In another ad, Woodstock vets Country Joe McDonald and John Sebastian join a middle-aged crowd returning to the fabled fest site to the amusement of some young Pepsi drinkers observing nearby.

Anheuser-Busch Inc., the game's biggest sponsor with 4 1/2 minutes of commercial time, pits Bud and Bud Light bottles against each other in its sixth Bud Bowl. Ex-NFL coaches Mike Ditka and Bum Phillips guide the teams.

\ EXPENSIVE RIDE: Alamo Rent A Car Inc., in its first Super Bowl ad, will follow a young couple who age as they test the 20-year-old company's slogan that there are 4 million miles in Alamo territory and "all the miles are free."

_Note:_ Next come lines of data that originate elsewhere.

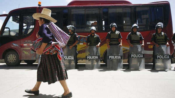 An Andean woman walks next to police officers during the second day of strike against Newmont's proposed $4.8 billion Conga gold mine at the Peruvian city of Cajamarca.ENRIQUE CASTRO-MENDIVIL
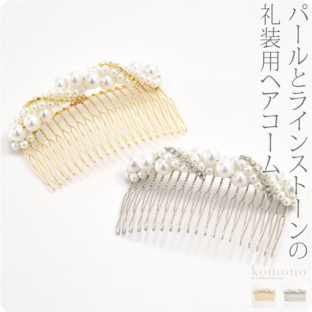 程よい大きさのパールとラインストーンを組み合わせた礼装用ヘアコームです。
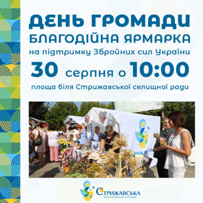 30 серпня, до Дня Стрижавської територіальної громади, у селищі Стрижавка пройде благодійна ярмарка на підтримку ЗСУ. Повідомили Стрижавська територіальна громада У межах заходу будуть представлені: Усі зібрані кошти будуть передані на потреби українських захисників. Початок ярмарку — о 10:00 біля Стрижавської селищної ради.
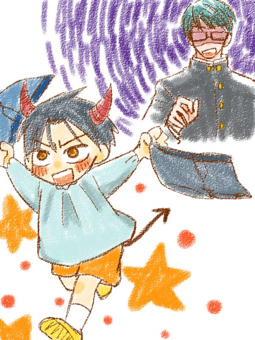 「ウェーーーーイ!しんちゃんのぱんつ!!!!」 「返すのだよこのクソガキ!!」 ※腐じゃないけどたかみどと同じ生産工場で作られたものなので腐に見えたらすみません #黒バスショタ版夜のお絵かき60分一本勝負
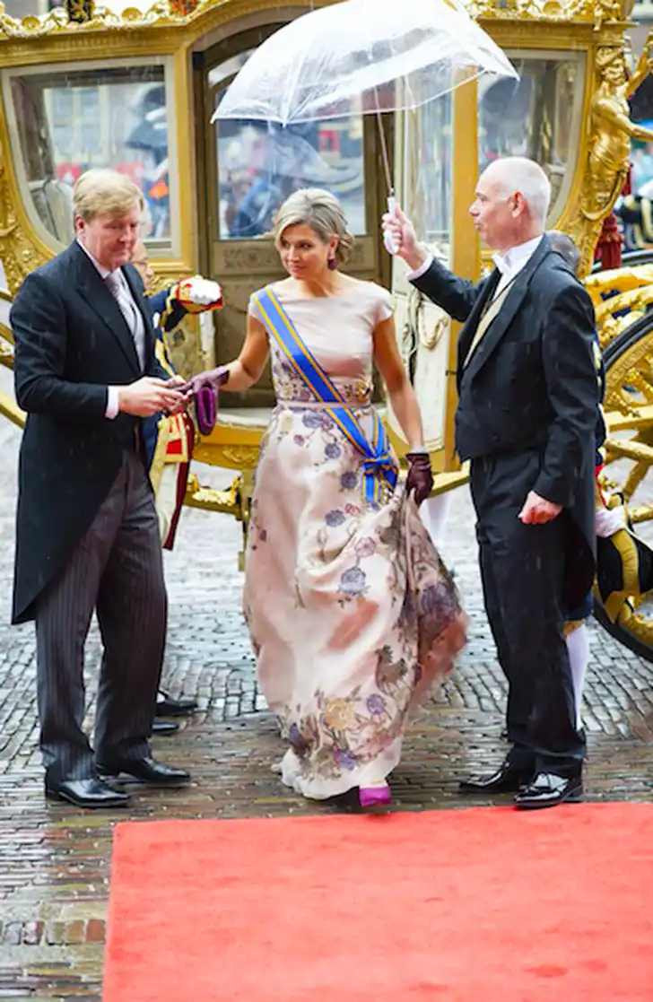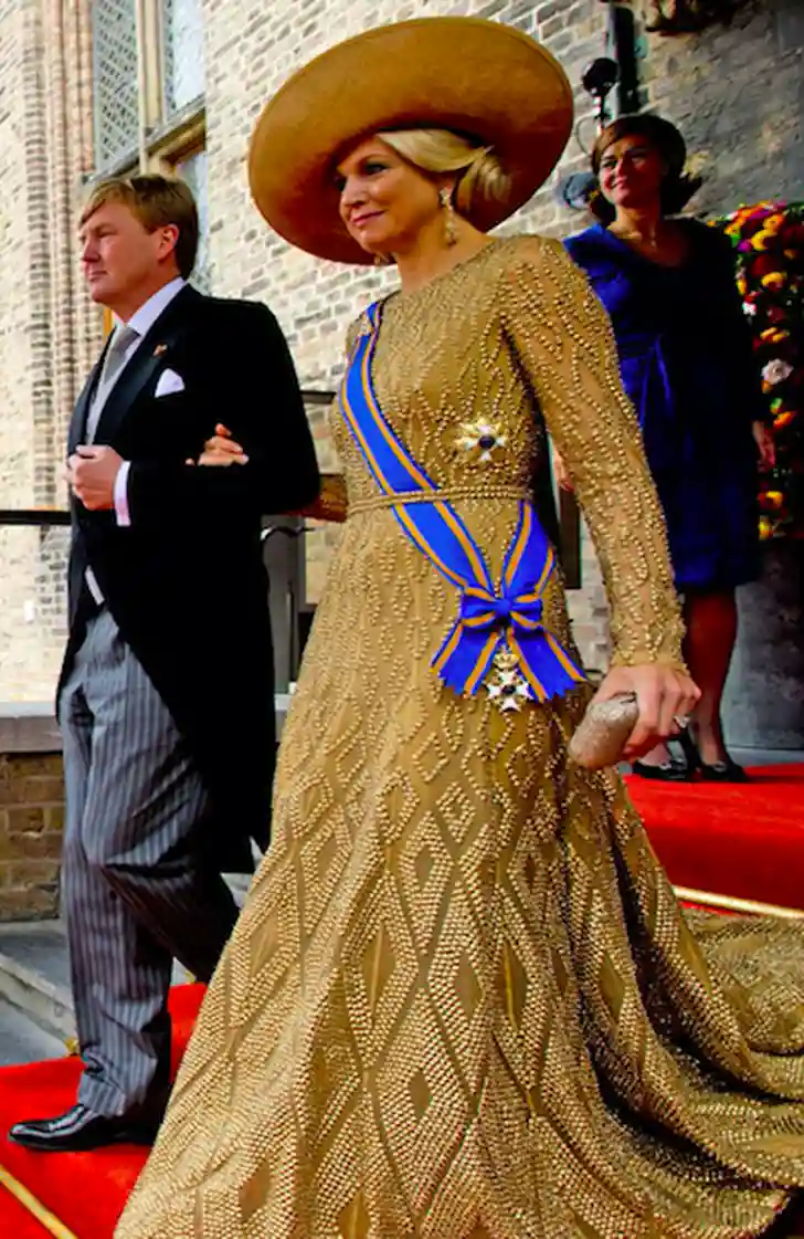 In 2013 schitterde Máxima letterlijk in een gouden va va voom japon. Ze droeg een goudkleurige jurk die is geborduurd in degradé wyber-patroon met transparante mouw en riempje in de taille.

Alamo adman Donald Moonjian said he justifies the $2.7 million cost of running the 90-second ad on the Super Bowl by arguing it puts the agency in blue-chip company.

\ FOILED AGAIN: Frito-Lay Inc. has coaxed Chevy Chase out of his recent forced retirement as a talk show host for a sequel to the "Steamroller" ad in which he rescued a bag of Doritos Tortilla Thins but not its elderly owner. Midway through the taping of the new ad, Chase learns his commercial has been axed for low ratings.